「Ci si le pai khai si,chian cau ga」我的二兒子首先上台以稚嫩的聲音標準唸出河洛音結束,我頓時舒了一口氣,此時鋼琴的琴鍵也隨即敲出鏗鏘有力的樂音,「perfect!」我心樂的癢了一下,我想主日學老師們,心上的大石頭應該也減去了一大半。然而是直到整場崇拜在牧師祝福禱告下結束以後,聽見弟兄姊妹此起彼落的誇說這群小朋友河洛話說的真好時,我認為家長、老師心上的那顆石頭才是真正落下。
我是台灣人,河洛話是我的母語,也是上帝賜給我兩個兒子的母語,這麼樣一個稀鬆平常的語言,在由兒童領會主日崇拜的當天,竟然變成是一場猶如講外國語的表演,成為長輩們歡喜豎起大拇指的禮讚;更尤其是標榜定根本土、我所歸屬的教會,一向自居標準文雅的台語風範,但一往下看到現今的這一代小朋友,母語嚴重式微,我也只有反省承認,我沒有身體力行用母語和我的孩子溝通,也造成他們必須要用注音符號,去記憶他該唸出的母語字音!

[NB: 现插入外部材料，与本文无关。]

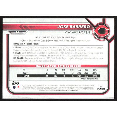 This is a 2022 Bowman Jose Barrero baseball card. The card is #74 and pictures show condition.
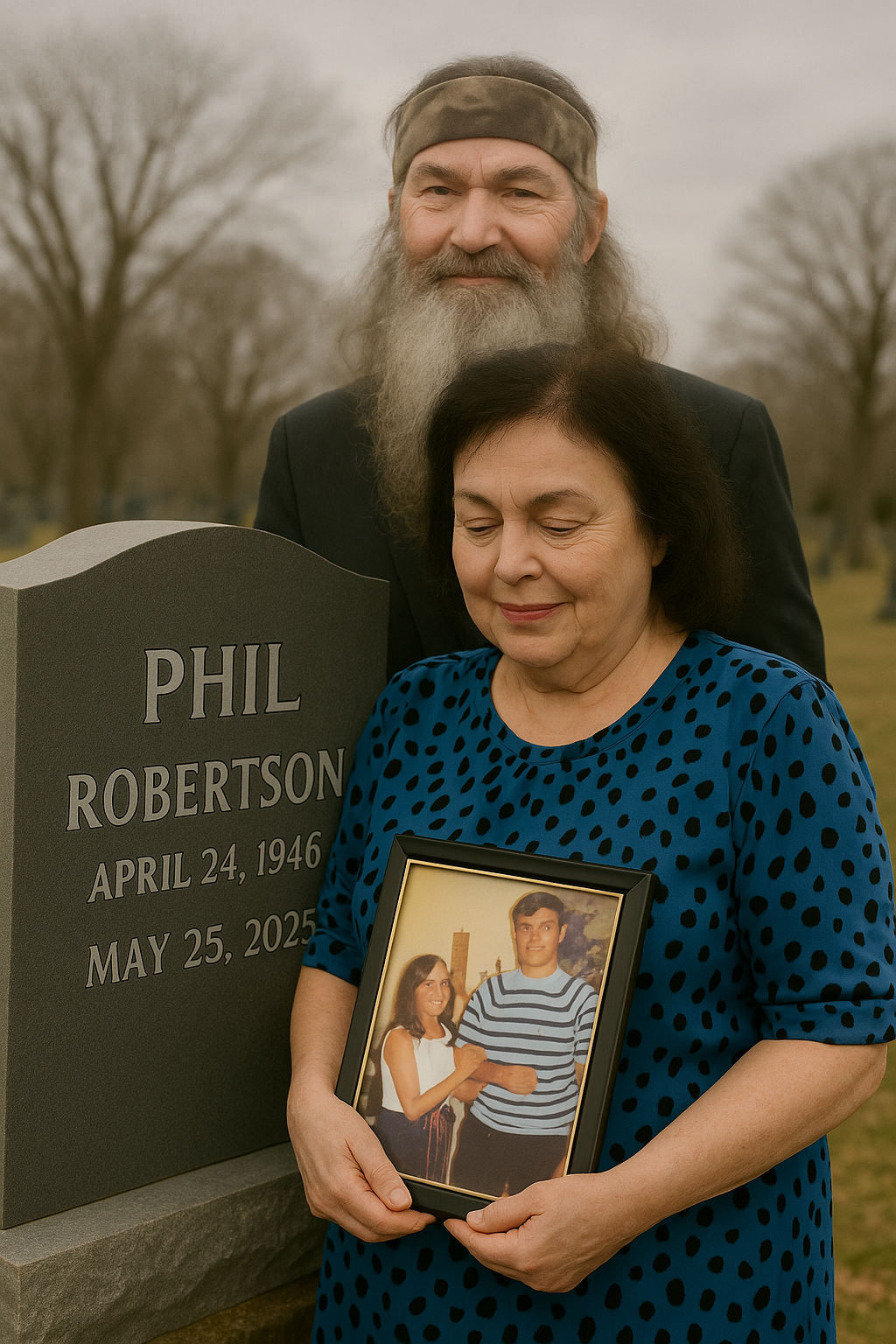 Kay Robertson stood at the edge of a quiet plot of land, the late afternoon sun casting a golden hush over the grass and headstones. There, beneath the gentle sway of the trees, lay the man who had shared her life — Phil Robertson. Her steps were slow, deliberate. Her gaze steady. There was no crowd. No ceremony. No spotlight. Just a woman, her memories, and the space where her husband now rested.

我承認這是我的錯,忽略孩子對母語的認識而使得他們應用母語貧乏;但是,我難填心中的不平,畢竟受國民黨強調「國語」教育,又是在泛藍大軍的台北市裡長大的我來說,其實,我的母語已經被植入成為了四聲的華語;雖然我努力學習優美聲平七音的河洛語,而且也自認現在講得還不錯,表現得出一絲典雅味,然而我的思考用語,卻是永遠跳脫不離平平仄仄的華語。或許我該真的無奈說,我是台灣人,但請原諒我,我的母語是華語。這結語,我相信,已經是豎立擎天的箭靶。